┌──

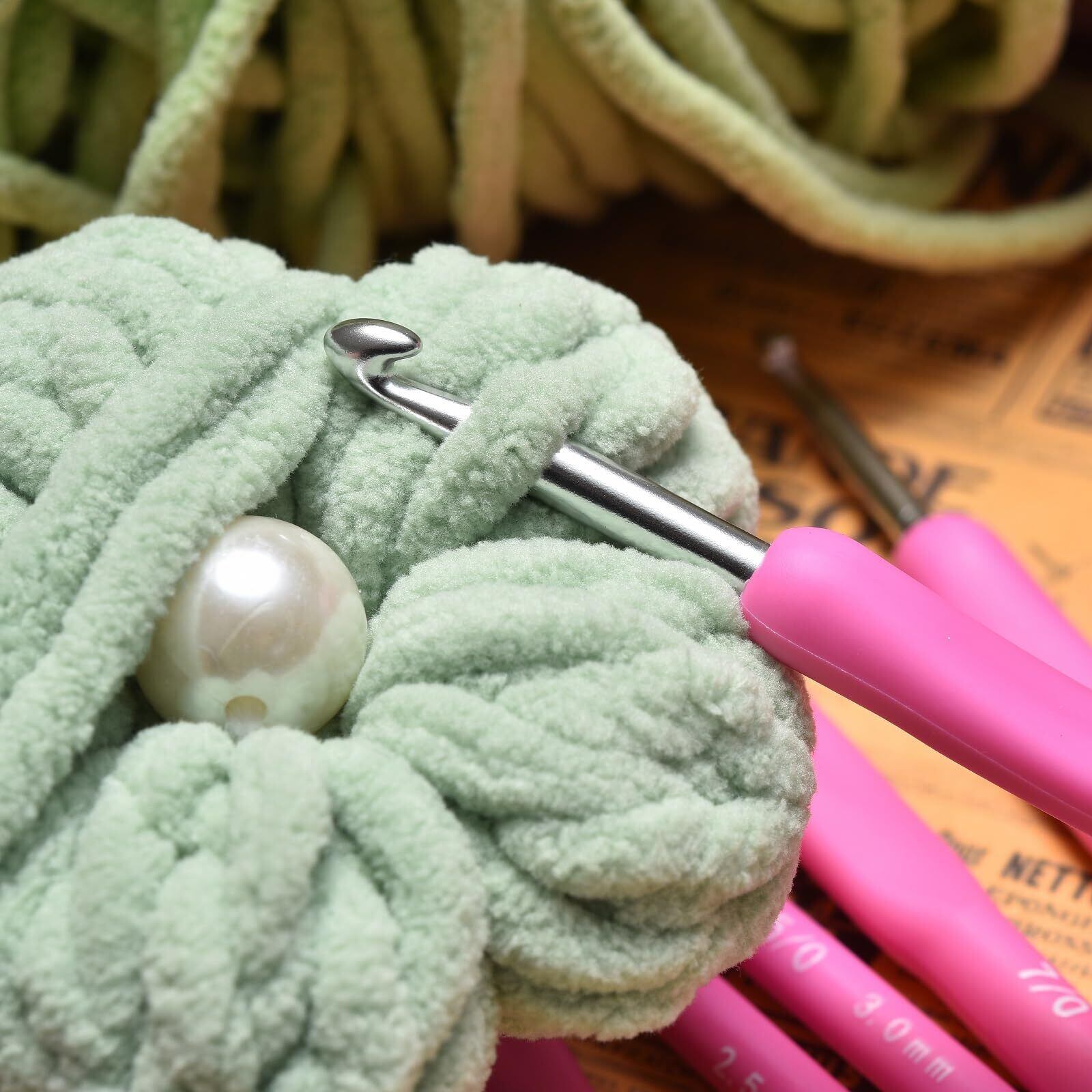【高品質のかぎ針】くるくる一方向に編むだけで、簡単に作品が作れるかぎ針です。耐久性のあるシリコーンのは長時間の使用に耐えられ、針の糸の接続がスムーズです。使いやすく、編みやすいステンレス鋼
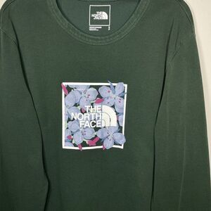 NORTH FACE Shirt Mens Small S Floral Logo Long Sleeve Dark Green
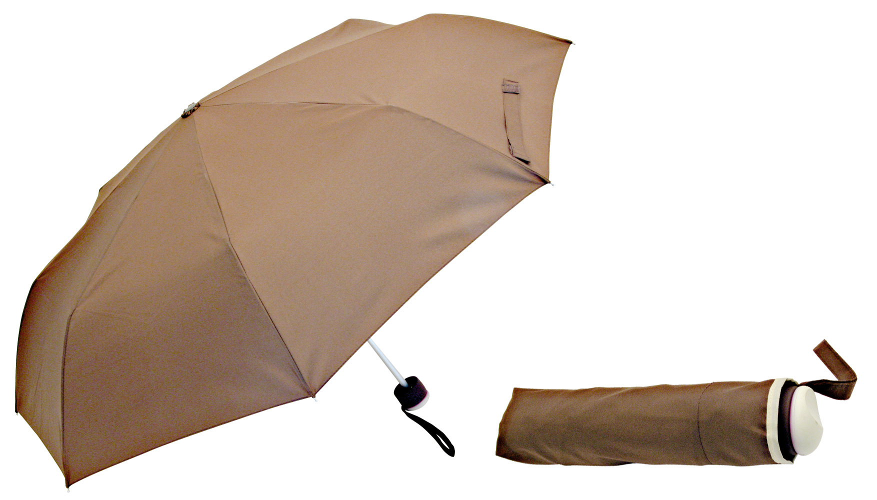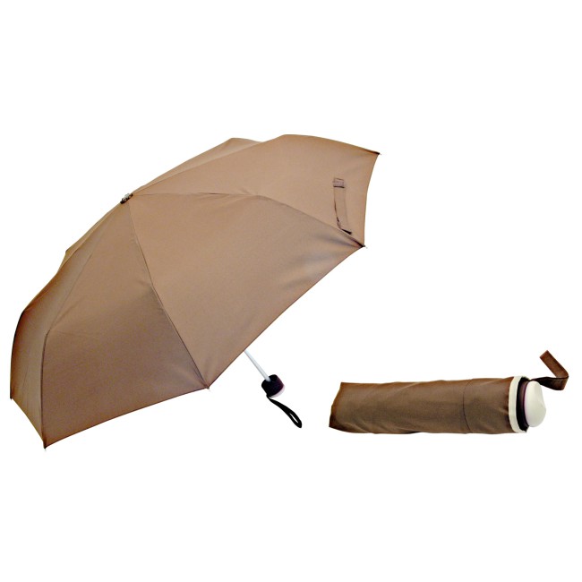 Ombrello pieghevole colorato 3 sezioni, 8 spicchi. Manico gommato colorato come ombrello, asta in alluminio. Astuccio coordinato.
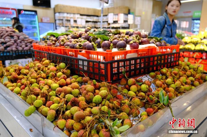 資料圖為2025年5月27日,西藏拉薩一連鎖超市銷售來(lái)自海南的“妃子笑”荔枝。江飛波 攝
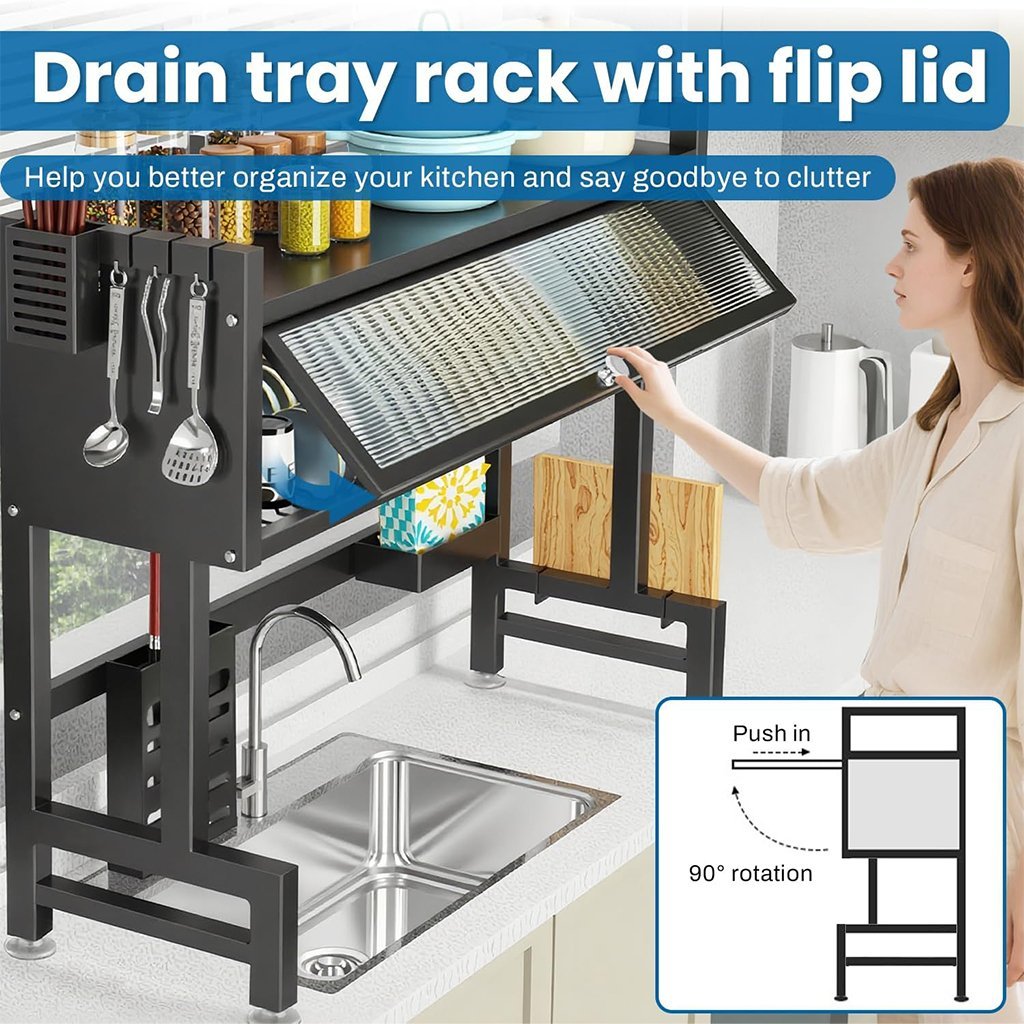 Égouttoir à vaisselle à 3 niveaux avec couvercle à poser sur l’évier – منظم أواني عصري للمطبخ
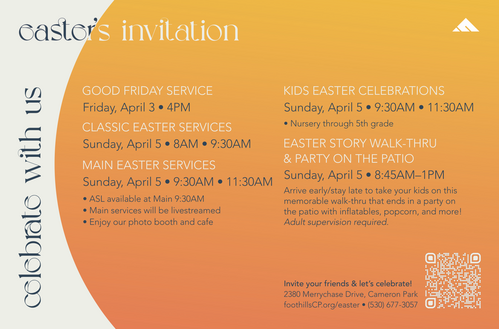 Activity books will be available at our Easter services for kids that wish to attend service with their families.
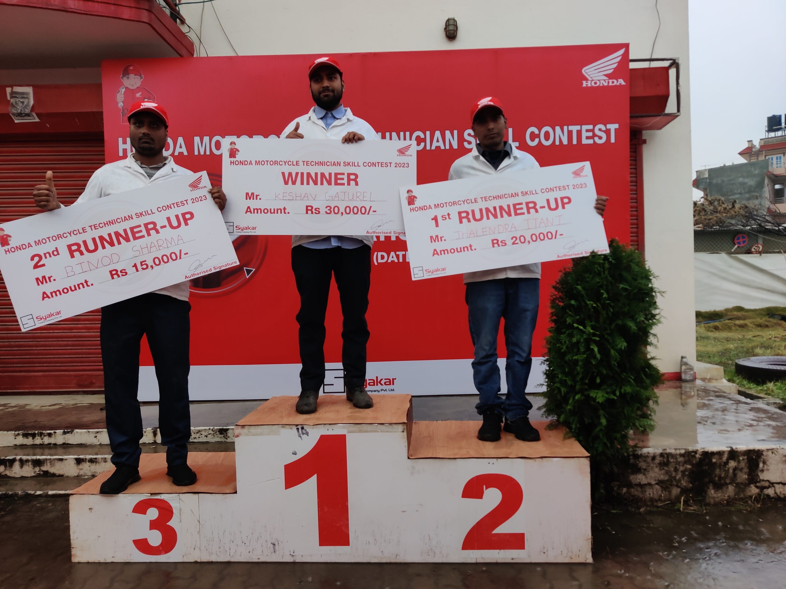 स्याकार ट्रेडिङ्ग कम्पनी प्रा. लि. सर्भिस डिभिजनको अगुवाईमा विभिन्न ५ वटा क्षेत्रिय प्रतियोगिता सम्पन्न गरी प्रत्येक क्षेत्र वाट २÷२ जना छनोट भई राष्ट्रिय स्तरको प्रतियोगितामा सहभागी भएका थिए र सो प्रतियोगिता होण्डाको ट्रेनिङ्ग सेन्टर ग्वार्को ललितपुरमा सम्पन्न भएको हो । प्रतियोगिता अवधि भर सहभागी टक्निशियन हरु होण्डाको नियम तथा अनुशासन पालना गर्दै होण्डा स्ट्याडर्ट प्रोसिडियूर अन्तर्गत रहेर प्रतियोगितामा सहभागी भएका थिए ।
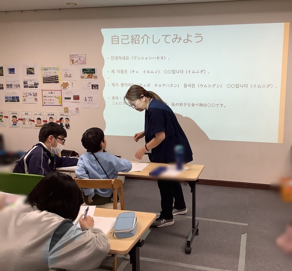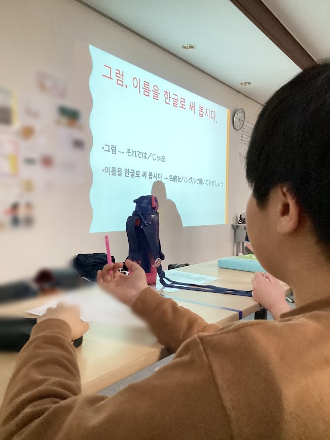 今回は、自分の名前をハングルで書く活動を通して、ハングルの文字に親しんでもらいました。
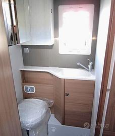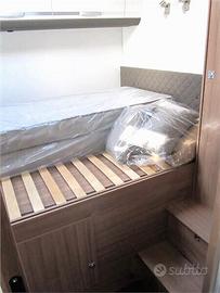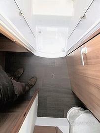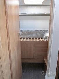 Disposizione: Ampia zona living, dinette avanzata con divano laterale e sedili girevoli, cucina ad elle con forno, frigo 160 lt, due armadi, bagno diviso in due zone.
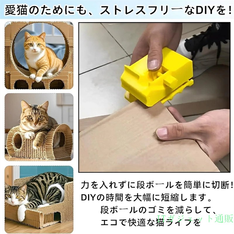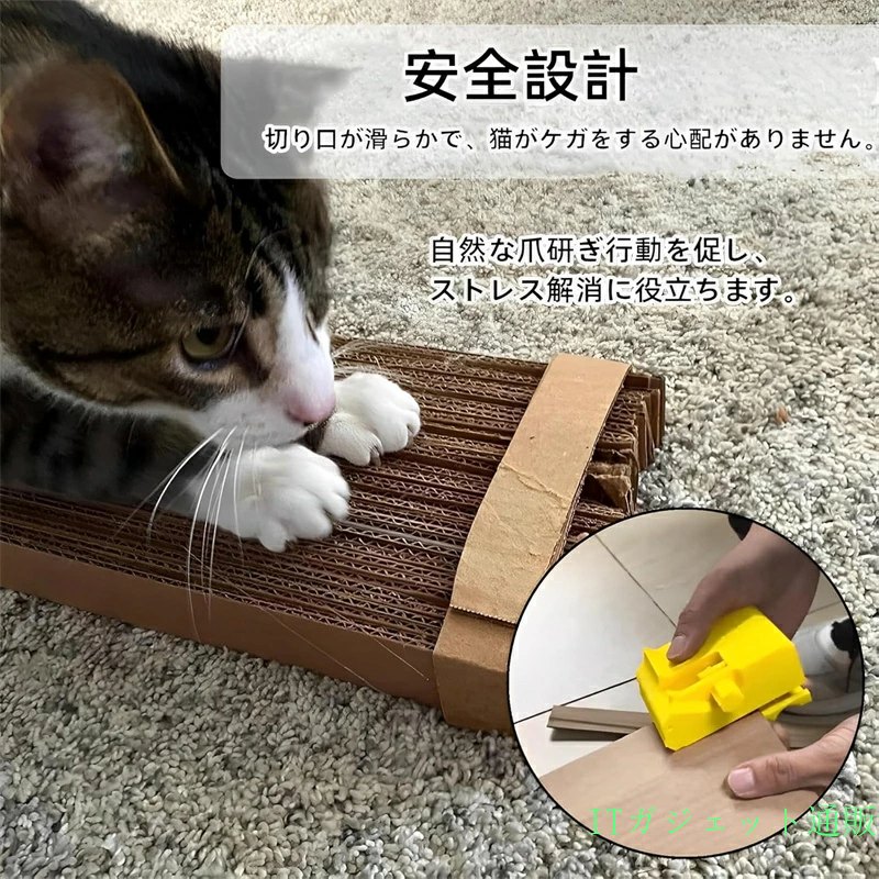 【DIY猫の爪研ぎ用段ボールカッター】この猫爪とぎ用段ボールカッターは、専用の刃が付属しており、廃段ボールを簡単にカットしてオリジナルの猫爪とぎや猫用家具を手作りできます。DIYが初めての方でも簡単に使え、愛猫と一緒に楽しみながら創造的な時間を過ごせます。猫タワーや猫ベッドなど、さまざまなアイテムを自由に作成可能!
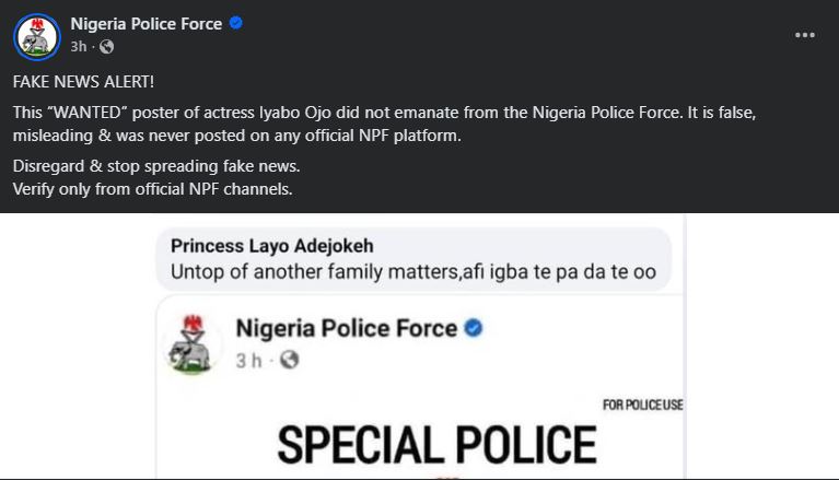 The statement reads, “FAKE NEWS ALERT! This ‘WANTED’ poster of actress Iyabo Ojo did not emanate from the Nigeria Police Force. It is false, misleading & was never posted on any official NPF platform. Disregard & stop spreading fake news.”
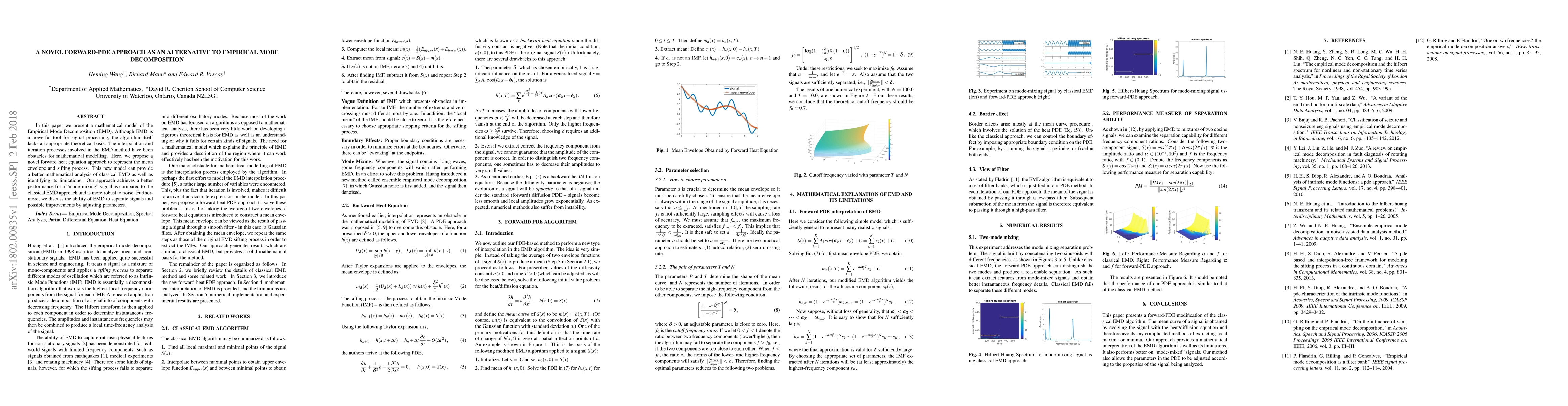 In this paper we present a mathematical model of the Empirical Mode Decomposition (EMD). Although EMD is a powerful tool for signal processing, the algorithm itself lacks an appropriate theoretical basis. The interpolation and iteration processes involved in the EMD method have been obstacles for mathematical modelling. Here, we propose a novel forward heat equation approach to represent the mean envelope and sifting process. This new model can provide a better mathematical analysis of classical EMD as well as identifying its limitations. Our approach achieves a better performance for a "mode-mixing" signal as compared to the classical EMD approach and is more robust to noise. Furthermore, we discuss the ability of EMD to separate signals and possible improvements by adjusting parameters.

└──

◆ **THE PROBLEM**:
Copy the listing over exactly, skipping the pictures it holds.

◆ **RESPONSE TO THE EXERCISE**:
【高品質のかぎ針】くるくる一方向に編むだけで、簡単に作品が作れるかぎ針です。耐久性のあるシリコーンのは長時間の使用に耐えられ、針の糸の接続がスムーズです。使いやすく、編みやすいステンレス鋼
 NORTH FACE Shirt Mens Small S Floral Logo Long Sleeve Dark Green
 Ombrello pieghevole colorato 3 sezioni, 8 spicchi. Manico gommato colorato come ombrello, asta in alluminio. Astuccio coordinato.
 資料圖為2025年5月27日,西藏拉薩一連鎖超市銷售來(lái)自海南的“妃子笑”荔枝。江飛波 攝
 Égouttoir à vaisselle à 3 niveaux avec couvercle à poser sur l’évier – منظم أواني عصري للمطبخ
 Activity books will be available at our Easter services for kids that wish to attend service with their families.
 स्याकार ट्रेडिङ्ग कम्पनी प्रा. लि. सर्भिस डिभिजनको अगुवाईमा विभिन्न ५ वटा क्षेत्रिय प्रतियोगिता सम्पन्न गरी प्रत्येक क्षेत्र वाट २÷२ जना छनोट भई राष्ट्रिय स्तरको प्रतियोगितामा सहभागी भएका थिए र सो प्रतियोगिता होण्डाको ट्रेनिङ्ग सेन्टर ग्वार्को ललितपुरमा सम्पन्न भएको हो । प्रतियोगिता अवधि भर सहभागी टक्निशियन हरु होण्डाको नियम तथा अनुशासन पालना गर्दै होण्डा स्ट्याडर्ट प्रोसिडियूर अन्तर्गत रहेर प्रतियोगितामा सहभागी भएका थिए ।
 今回は、自分の名前をハングルで書く活動を通して、ハングルの文字に親しんでもらいました。
 Disposizione: Ampia zona living, dinette avanzata con divano laterale e sedili girevoli, cucina ad elle con forno, frigo 160 lt, due armadi, bagno diviso in due zone.
 【DIY猫の爪研ぎ用段ボールカッター】この猫爪とぎ用段ボールカッターは、専用の刃が付属しており、廃段ボールを簡単にカットしてオリジナルの猫爪とぎや猫用家具を手作りできます。DIYが初めての方でも簡単に使え、愛猫と一緒に楽しみながら創造的な時間を過ごせます。猫タワーや猫ベッドなど、さまざまなアイテムを自由に作成可能!
 The statement reads, “FAKE NEWS ALERT! This ‘WANTED’ poster of actress Iyabo Ojo did not emanate from the Nigeria Police Force. It is false, misleading & was never posted on any official NPF platform. Disregard & stop spreading fake news.”
 In this paper we present a mathematical model of the Empirical Mode Decomposition (EMD). Although EMD is a powerful tool for signal processing, the algorithm itself lacks an appropriate theoretical basis. The interpolation and iteration processes involved in the EMD method have been obstacles for mathematical modelling. Here, we propose a novel forward heat equation approach to represent the mean envelope and sifting process. This new model can provide a better mathematical analysis of classical EMD as well as identifying its limitations. Our approach achieves a better performance for a "mode-mixing" signal as compared to the classical EMD approach and is more robust to noise. Furthermore, we discuss the ability of EMD to separate signals and possible improvements by adjusting parameters.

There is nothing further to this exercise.